* _Try it_
From the listing below, copy only the lines running from the line that contains "本日は、3年生が中学校最後の" to the line that contains "6-dijelni set vrtnih", both included.

* _Provided data_
◆ ◆ ◆
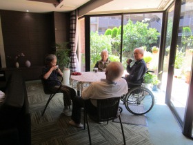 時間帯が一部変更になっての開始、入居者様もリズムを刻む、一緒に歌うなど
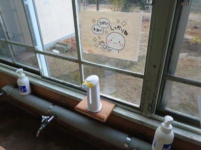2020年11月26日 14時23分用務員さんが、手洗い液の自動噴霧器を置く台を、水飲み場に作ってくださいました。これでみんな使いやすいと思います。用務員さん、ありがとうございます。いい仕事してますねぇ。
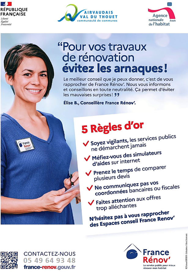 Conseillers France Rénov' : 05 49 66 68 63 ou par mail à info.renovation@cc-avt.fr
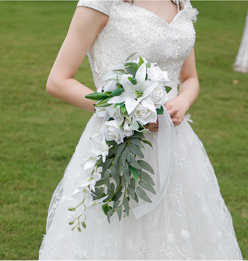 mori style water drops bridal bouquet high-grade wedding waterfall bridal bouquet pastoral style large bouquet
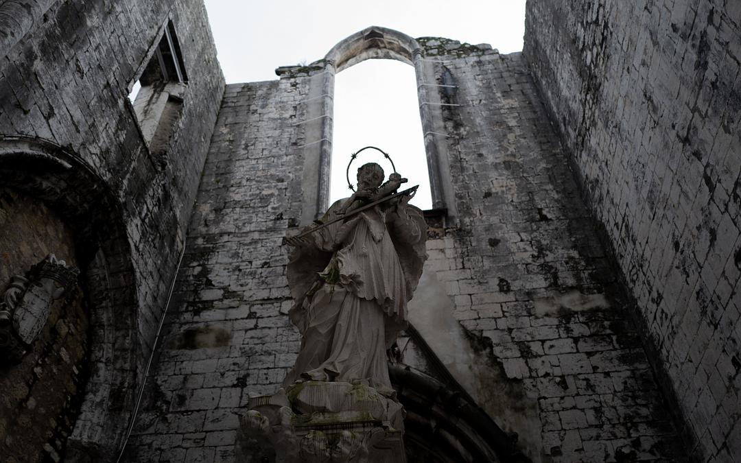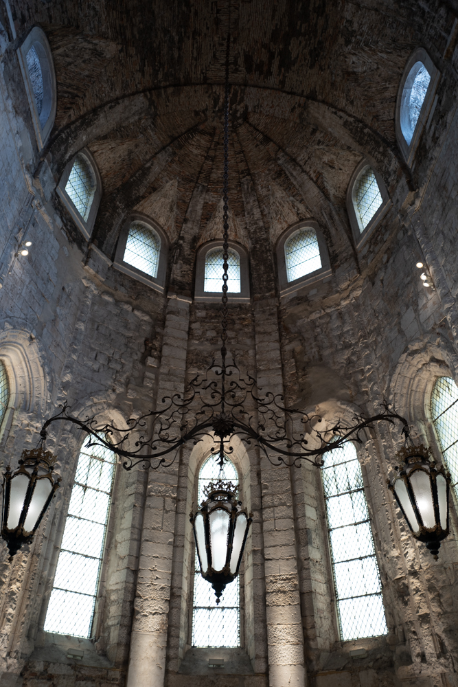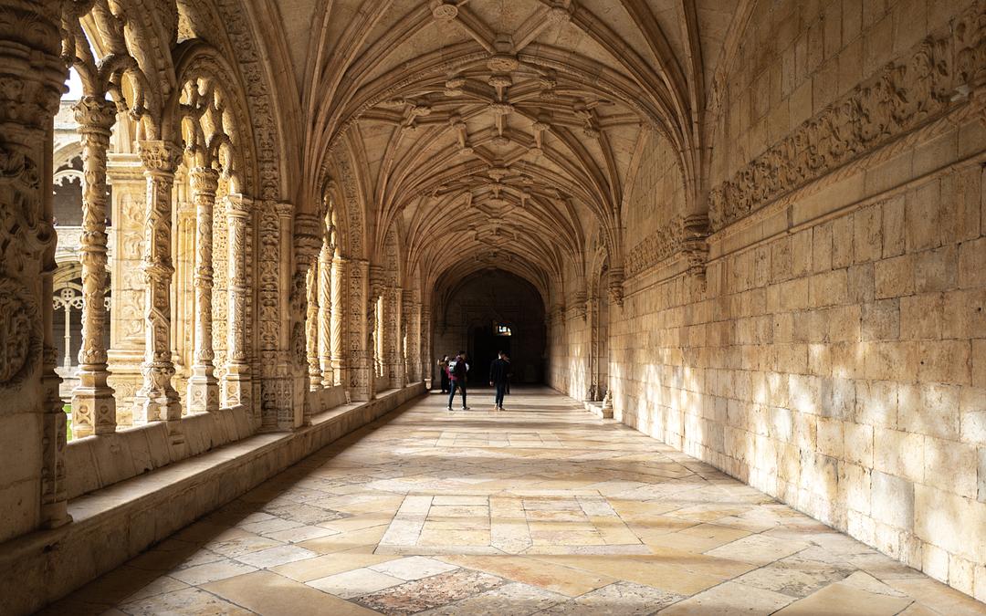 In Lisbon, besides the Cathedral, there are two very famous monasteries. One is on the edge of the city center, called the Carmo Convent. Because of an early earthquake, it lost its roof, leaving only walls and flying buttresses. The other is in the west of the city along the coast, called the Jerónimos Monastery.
◆ ◆ ◆
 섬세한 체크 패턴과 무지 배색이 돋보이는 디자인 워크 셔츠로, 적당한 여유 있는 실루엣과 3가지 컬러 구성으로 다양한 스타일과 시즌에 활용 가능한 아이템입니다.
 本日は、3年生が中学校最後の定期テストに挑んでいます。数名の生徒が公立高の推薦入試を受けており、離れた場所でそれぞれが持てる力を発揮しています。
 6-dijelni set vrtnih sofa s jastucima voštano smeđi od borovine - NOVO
◆ ◆ ◆
* _Answer box_
 本日は、3年生が中学校最後の定期テストに挑んでいます。数名の生徒が公立高の推薦入試を受けており、離れた場所でそれぞれが持てる力を発揮しています。
 6-dijelni set vrtnih sofa s jastucima voštano smeđi od borovine - NOVO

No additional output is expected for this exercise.